Die Bayerische Staatsbibliothek spricht von einem Glücksfall. Das Haus erhält einen großen Neuzugang für seine Orientsammlung. Es geht unter anderem um Gebets- und Zauberrollen.

Der Bayerischen Staatsbibliothek ist es gelungen, eine umfangreiche Sammlung von 231 äthiopischen Handschriften für ihre Orientsammlung zu erwerben. Das außergewöhnliche Konvolut gehörte dem Historiker, Juristen und Privatsammler Karl Heinz Burmeister (1936-2014), wie das Haus am Dienstag in München mitteilte. Die Handschriften stammten zum größten Teil aus dem 19. Jahrhundert und bildeten eine wertvolle Ergänzung der bestehenden Sammlung äthiopischer Handschriften der Bibliothek. Diese sei nunmehr mit 414 Exponaten die größte ihrer Art in Deutschland.

Bei den Werken, deren Provenienz laut Mitteilung gut dokumentiert ist, handelt es sich überwiegend um religiöse Gebrauchstexte. Unter ihnen befinden sich demnach 92 Gebets- und Zauberrollen und eine Vielzahl von Handschriften mit liturgischen oder theologischen Texten. Auch kalendarische und astronomische Berechnungen seien darunter sowie ein kurzer Brief des äthiopischen Kaisers Johannes IV. von 1885 mit kaiserlichem Siegel. Das älteste Dokument sei 1693 entstanden.

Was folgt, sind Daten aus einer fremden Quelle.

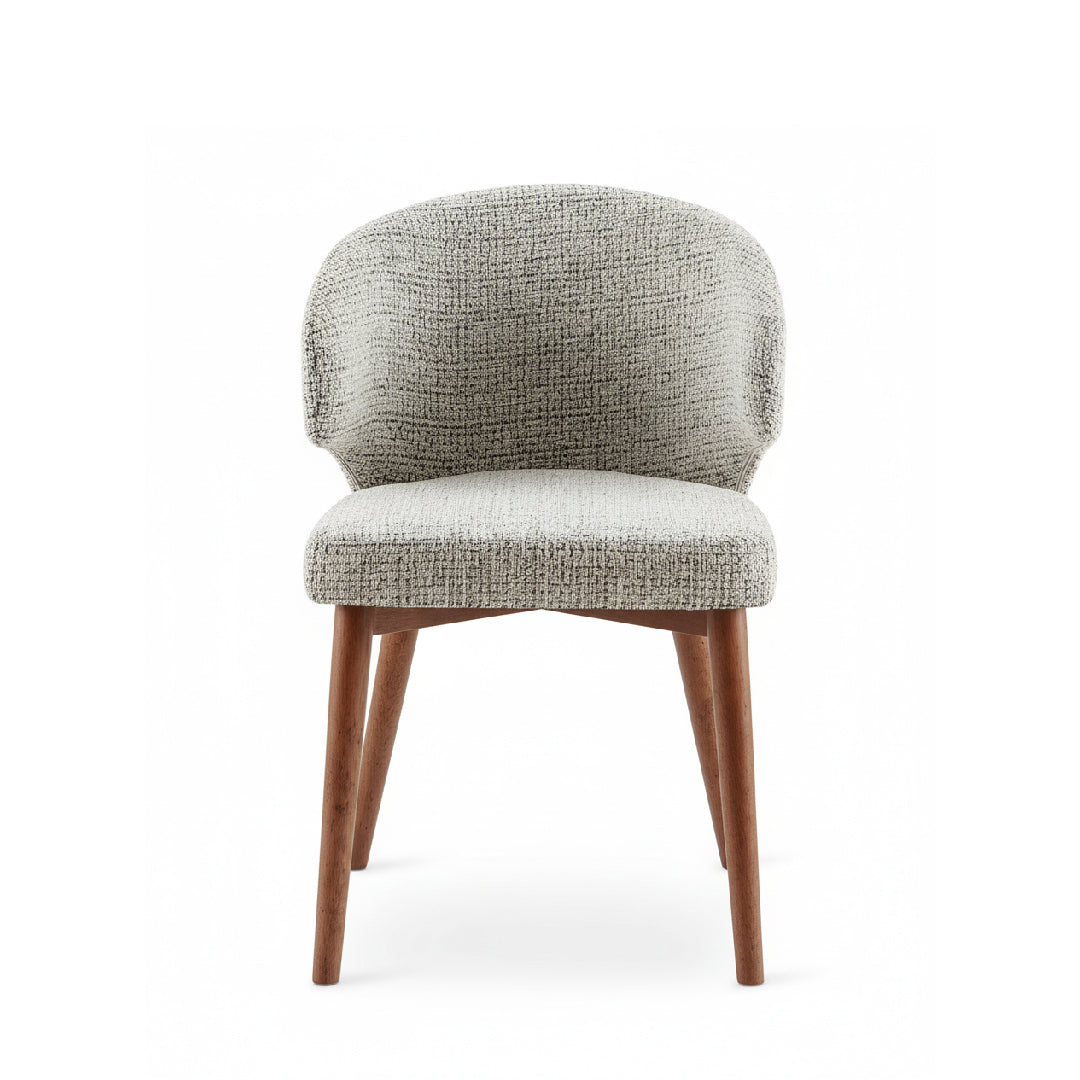 A comfortable dining chair crafted with soft fabric upholstery and sturdy solid rubberwood, featuring easy-clean material for effortless maintenance.

Die Handschriften spiegelten nicht selten die theologischen und politischen Diskussionen zur Zeit ihrer Entstehung wider, heißt es. Insbesondere in der hagiographischen Literatur lasse sich erkennen, wie eng das äthiopische Kaiserhaus mit der dortigen Kirche verbunden gewesen sei.

Der Großneffe des letzten äthiopischen Kaisers Haile Selassie, Prinz Asfa-Wossen Asserate, begrüßte den Erwerb der Schriften: “Besonders in dieser Zeit, wo das kulturelle Erbe und das kulturelle Gedächtnis weltweit in vielfacher Hinsicht bedroht sind, ist es von überragender Bedeutung, äthiopisches Kulturgut zu schützen und es für die nächste Generation auch auf diese Weise zu bewahren.” Der Generaldirektor der Staatsbibliothek, Klaus Ceynowa, verwies darauf, dass viele Schriftdokumente, die heute in äthiopischen und eritreischen Kirchen und Klöstern lägen, stark bestandsgefährdet und nur sehr schwer zugänglich seien.

In der Staatsbibliothek haben den Angaben zufolge äthiopische Handschriften bereits seit 1571 ihren festen Platz. Mit der Übernahme der Bibliothek Johann Jakob Fuggers (1516-1575) fand die erste und heute zugleich älteste äthiopische Handschrift (14./15. Jahrhundert) der heutigen Sammlung ihren Weg nach München. Neben Handschriften zählen zur äthiopischen Sammlung der Bibliothek auch Drucke, darunter der erste bekannte äthiopische Druck mit beweglichen Lettern, der 1513 in Rom entstanden ist.